■ Task to complete
Transcribe the data exactly. Pictures stay out.

Start of Extracted entries

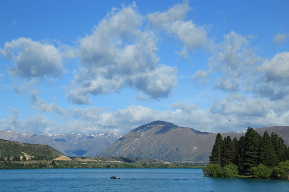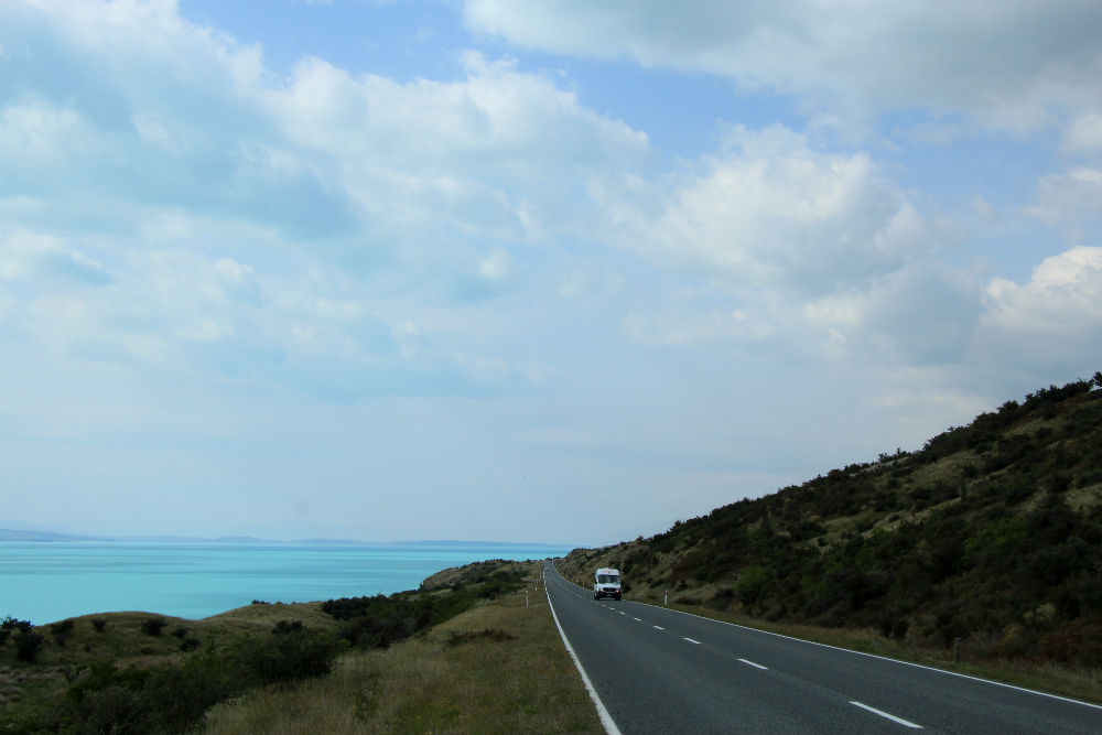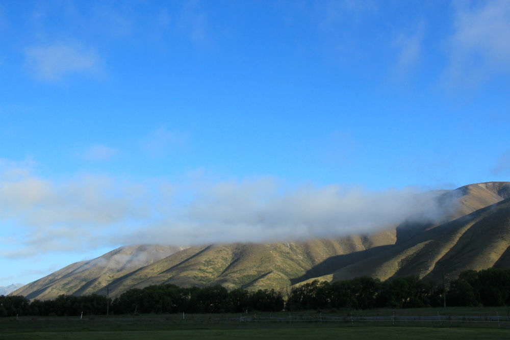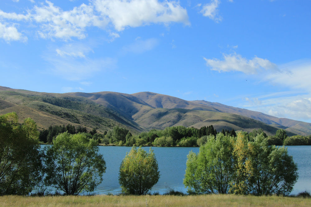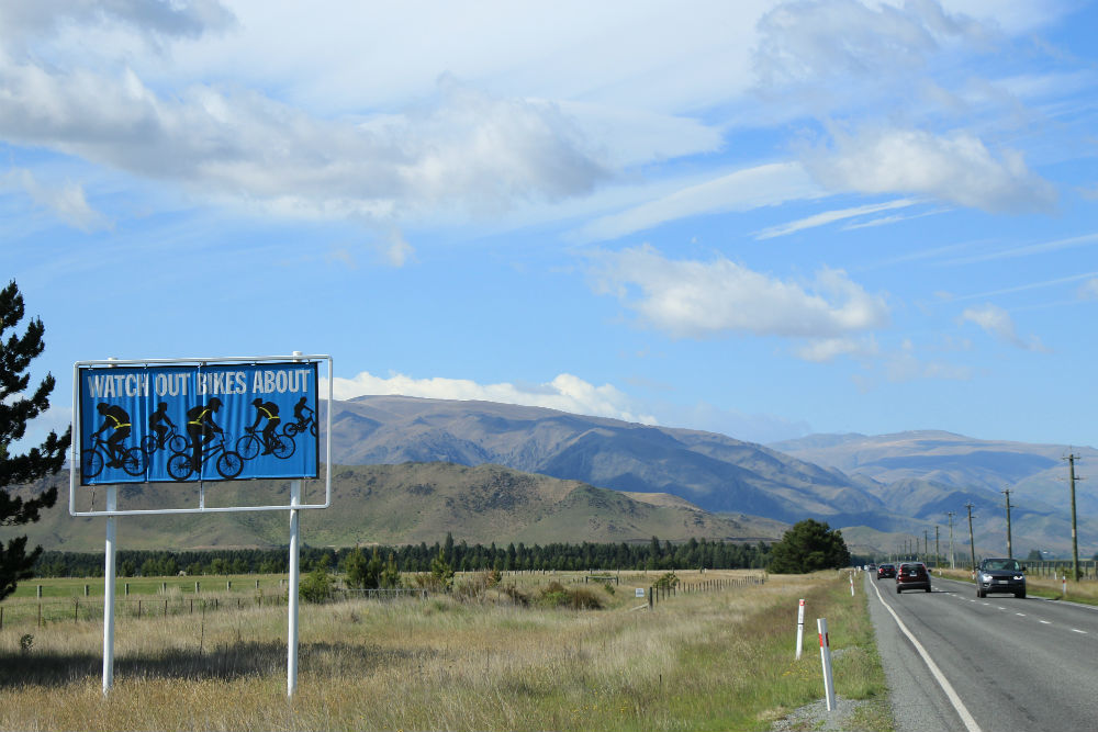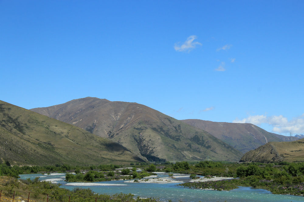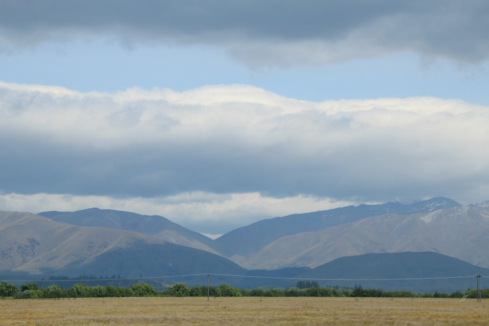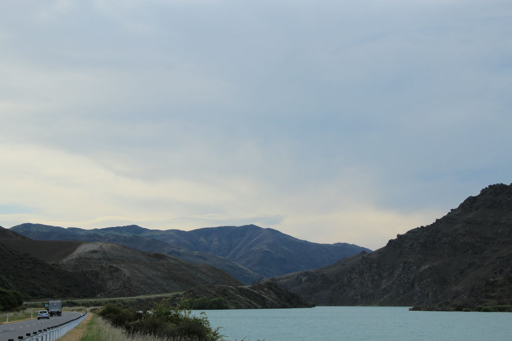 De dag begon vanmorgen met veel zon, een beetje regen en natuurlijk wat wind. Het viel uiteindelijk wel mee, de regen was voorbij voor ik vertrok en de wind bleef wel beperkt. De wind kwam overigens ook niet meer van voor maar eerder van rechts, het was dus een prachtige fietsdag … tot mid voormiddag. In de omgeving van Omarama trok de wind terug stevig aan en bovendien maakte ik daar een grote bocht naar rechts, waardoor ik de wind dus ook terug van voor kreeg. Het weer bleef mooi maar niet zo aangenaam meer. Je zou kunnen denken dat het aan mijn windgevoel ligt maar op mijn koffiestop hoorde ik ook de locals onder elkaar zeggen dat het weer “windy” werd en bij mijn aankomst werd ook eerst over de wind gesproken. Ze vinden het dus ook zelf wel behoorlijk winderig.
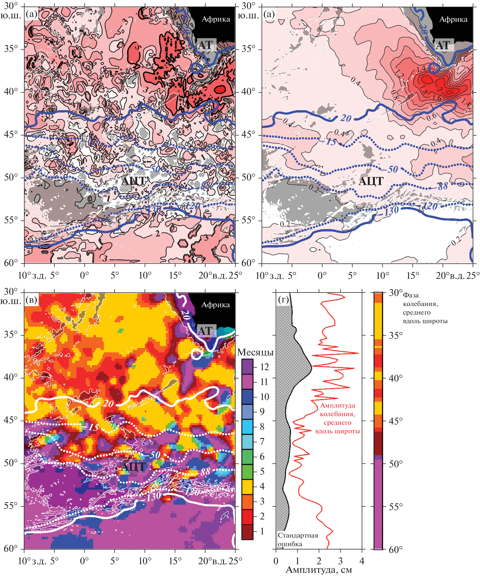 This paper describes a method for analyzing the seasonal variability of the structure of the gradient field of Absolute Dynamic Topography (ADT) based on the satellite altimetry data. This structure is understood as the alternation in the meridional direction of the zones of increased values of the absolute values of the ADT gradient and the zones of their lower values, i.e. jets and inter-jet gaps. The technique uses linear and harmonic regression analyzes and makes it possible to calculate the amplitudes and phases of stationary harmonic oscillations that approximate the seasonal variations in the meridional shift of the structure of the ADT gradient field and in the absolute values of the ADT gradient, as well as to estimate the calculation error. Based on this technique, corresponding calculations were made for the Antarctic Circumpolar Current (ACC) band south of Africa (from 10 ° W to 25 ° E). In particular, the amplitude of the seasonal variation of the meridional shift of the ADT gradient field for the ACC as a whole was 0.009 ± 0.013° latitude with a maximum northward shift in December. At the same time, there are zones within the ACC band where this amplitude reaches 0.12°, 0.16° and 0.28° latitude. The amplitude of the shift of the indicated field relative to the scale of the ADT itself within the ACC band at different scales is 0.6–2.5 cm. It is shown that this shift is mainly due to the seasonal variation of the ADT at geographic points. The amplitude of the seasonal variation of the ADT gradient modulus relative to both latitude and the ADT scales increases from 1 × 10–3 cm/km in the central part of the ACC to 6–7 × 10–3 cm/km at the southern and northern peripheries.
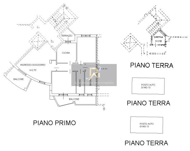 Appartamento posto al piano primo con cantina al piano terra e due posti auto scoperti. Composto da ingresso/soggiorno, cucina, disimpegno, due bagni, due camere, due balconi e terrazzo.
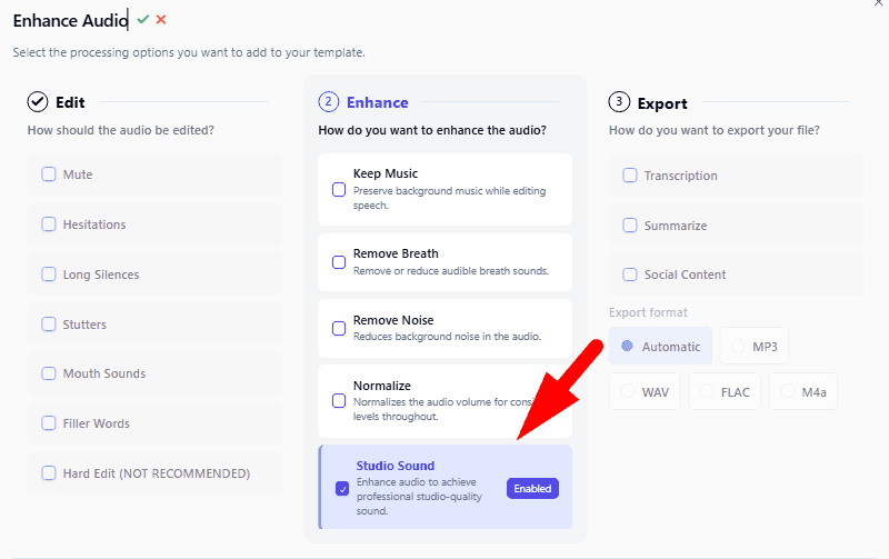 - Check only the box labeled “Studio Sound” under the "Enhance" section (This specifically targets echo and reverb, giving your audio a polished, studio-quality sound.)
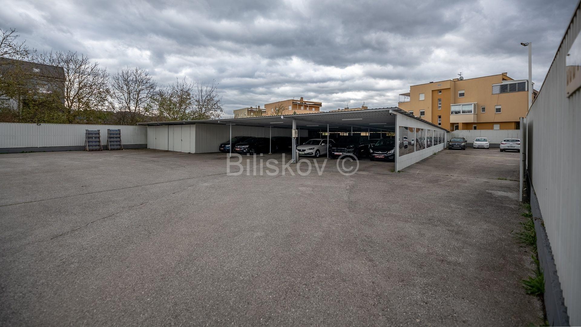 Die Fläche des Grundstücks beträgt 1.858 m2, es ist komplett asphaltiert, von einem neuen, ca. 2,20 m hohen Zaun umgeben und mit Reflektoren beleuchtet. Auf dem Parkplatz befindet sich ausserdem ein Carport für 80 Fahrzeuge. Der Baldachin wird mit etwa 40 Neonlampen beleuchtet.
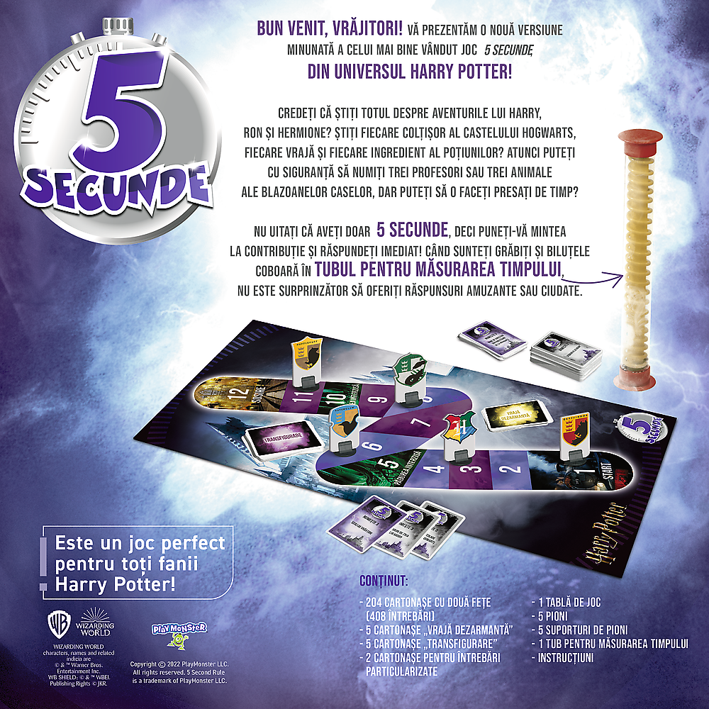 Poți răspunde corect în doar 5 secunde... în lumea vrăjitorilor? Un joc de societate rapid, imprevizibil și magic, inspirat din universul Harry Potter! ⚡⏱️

End of Extracted entries

■ Answer area
 De dag begon vanmorgen met veel zon, een beetje regen en natuurlijk wat wind. Het viel uiteindelijk wel mee, de regen was voorbij voor ik vertrok en de wind bleef wel beperkt. De wind kwam overigens ook niet meer van voor maar eerder van rechts, het was dus een prachtige fietsdag … tot mid voormiddag. In de omgeving van Omarama trok de wind terug stevig aan en bovendien maakte ik daar een grote bocht naar rechts, waardoor ik de wind dus ook terug van voor kreeg. Het weer bleef mooi maar niet zo aangenaam meer. Je zou kunnen denken dat het aan mijn windgevoel ligt maar op mijn koffiestop hoorde ik ook de locals onder elkaar zeggen dat het weer “windy” werd en bij mijn aankomst werd ook eerst over de wind gesproken. Ze vinden het dus ook zelf wel behoorlijk winderig.
 This paper describes a method for analyzing the seasonal variability of the structure of the gradient field of Absolute Dynamic Topography (ADT) based on the satellite altimetry data. This structure is understood as the alternation in the meridional direction of the zones of increased values of the absolute values of the ADT gradient and the zones of their lower values, i.e. jets and inter-jet gaps. The technique uses linear and harmonic regression analyzes and makes it possible to calculate the amplitudes and phases of stationary harmonic oscillations that approximate the seasonal variations in the meridional shift of the structure of the ADT gradient field and in the absolute values of the ADT gradient, as well as to estimate the calculation error. Based on this technique, corresponding calculations were made for the Antarctic Circumpolar Current (ACC) band south of Africa (from 10 ° W to 25 ° E). In particular, the amplitude of the seasonal variation of the meridional shift of the ADT gradient field for the ACC as a whole was 0.009 ± 0.013° latitude with a maximum northward shift in December. At the same time, there are zones within the ACC band where this amplitude reaches 0.12°, 0.16° and 0.28° latitude. The amplitude of the shift of the indicated field relative to the scale of the ADT itself within the ACC band at different scales is 0.6–2.5 cm. It is shown that this shift is mainly due to the seasonal variation of the ADT at geographic points. The amplitude of the seasonal variation of the ADT gradient modulus relative to both latitude and the ADT scales increases from 1 × 10–3 cm/km in the central part of the ACC to 6–7 × 10–3 cm/km at the southern and northern peripheries.
 Appartamento posto al piano primo con cantina al piano terra e due posti auto scoperti. Composto da ingresso/soggiorno, cucina, disimpegno, due bagni, due camere, due balconi e terrazzo.
 - Check only the box labeled “Studio Sound” under the "Enhance" section (This specifically targets echo and reverb, giving your audio a polished, studio-quality sound.)
 Die Fläche des Grundstücks beträgt 1.858 m2, es ist komplett asphaltiert, von einem neuen, ca. 2,20 m hohen Zaun umgeben und mit Reflektoren beleuchtet. Auf dem Parkplatz befindet sich ausserdem ein Carport für 80 Fahrzeuge. Der Baldachin wird mit etwa 40 Neonlampen beleuchtet.
 Poți răspunde corect în doar 5 secunde... în lumea vrăjitorilor? Un joc de societate rapid, imprevizibil și magic, inspirat din universul Harry Potter! ⚡⏱️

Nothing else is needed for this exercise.